Dans le cas de la France, les comités de bassin peinent eux aussi à faire face aux enjeux de pollution diffuse des eaux, notamment liée aux activités agricoles. Alors qu’on attend d’un processus participatif qu’il évite les conflits entre usagers, les longues délibérations menées pour l’élaboration du schéma directeur 2016-2021 en Seine-Normandie n’ont pas empêché son annulation après une action en justice engagée par une fédération de syndicats agricoles.
Les consultations du public organisées par les agences de l’eau sont par ailleurs, hélas, largement ignorées, avec de faibles taux de réponse.
Combien de citoyens français savent à quelles instances de bassin ils sont rattachés et connaissent l’existence des comités de bassin censés les représenter et de ces démarches de consultation ?
Comme nous alertait Elinor Ostrom, il n’y a pas de panacée en matière de gouvernance collective.

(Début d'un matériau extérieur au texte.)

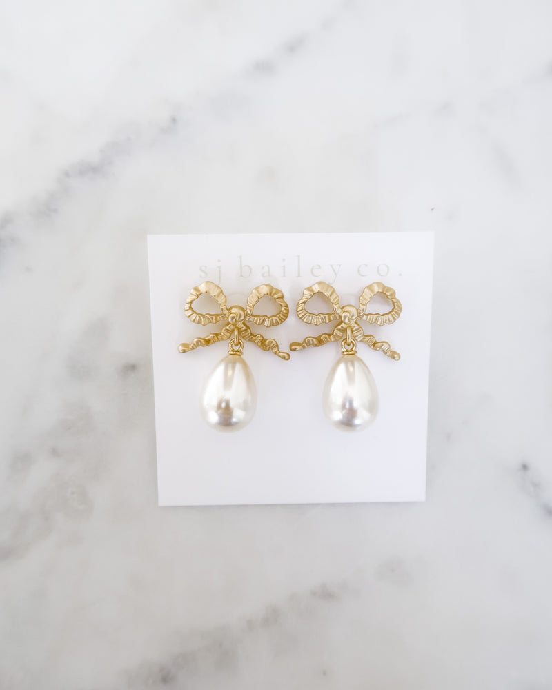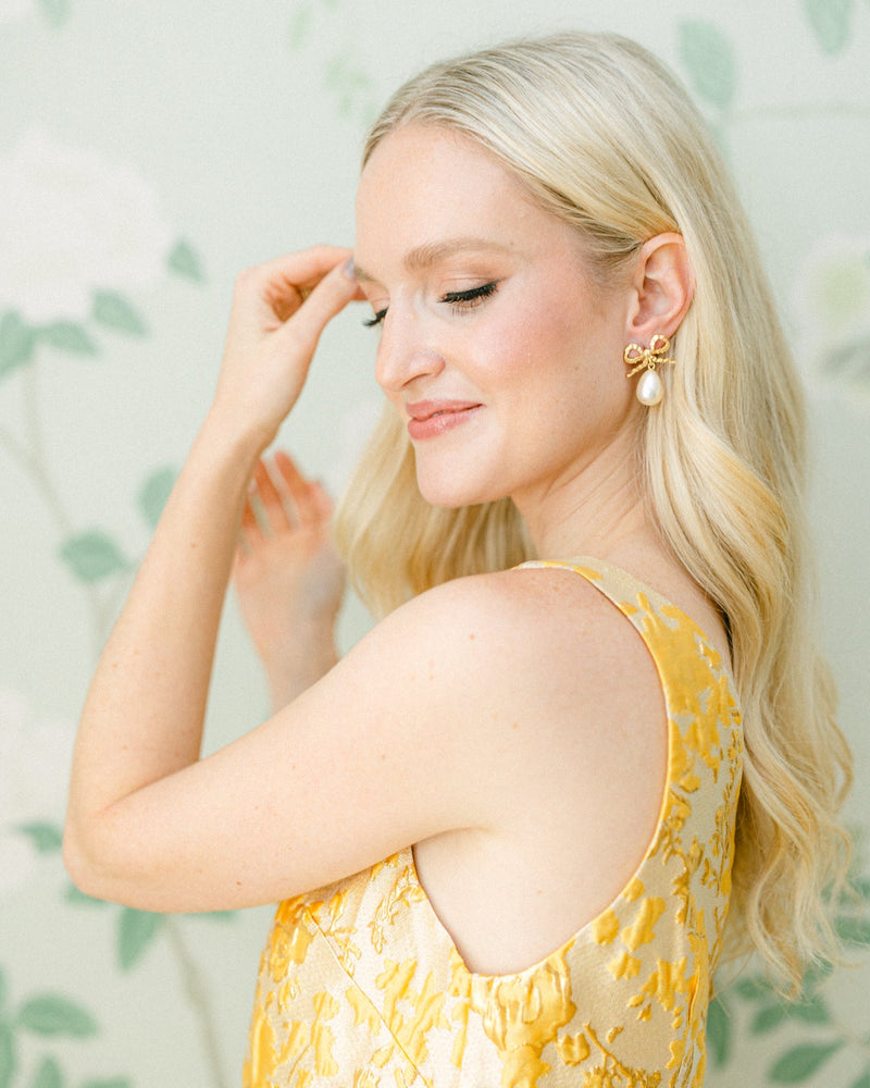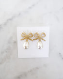 Chic golden bow and pearl drop earrings, perfect for bridesmaids or everyday elegance. Lightweight, timeless design enhances any bridal party or daily style.
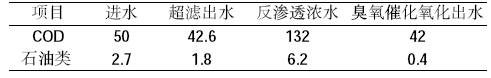 大榭石化年加工原油800萬t,主要產(chǎn)品包括化工輕油、低硫工業(yè)燃料油、催化原料油、焦化原料油以及瀝青等。由于所加工原油種類較多且更換頻繁,導致煉化污水水質(zhì)波動,處理難度加大。為了提升污水處理效果,增大污水回用率,減少COD排放量,大榭石化于2010年啟動了“超濾+反滲透+臭氧催化氧化”的污水深度處理回用項目,此項目于2011年1月開工建設(shè),5月投產(chǎn),9月通過了性能標定,標定期間的運行數(shù)據(jù)見表1。

Il est naturel que toutes les démarches participatives n’aboutissent pas forcément. Si nous attendons des miracles de la mise en place de processus de participation sur les enjeux environnementaux locaux comme globaux, il est fort probable que nous soyons déçus et même découragés quant à la faisabilité de la transition écologique.
S’il y a une leçon à retenir du cas de la gouvernance de l’eau, c’est qu’il n’y a pas de vraie participation sans sensibilisation et mobilisation de la population au sens large. Sans quoi certains groupes plus motivés ou dotés de plus de ressources risquent de préempter le processus, et réduire à néant les promesses de la participation.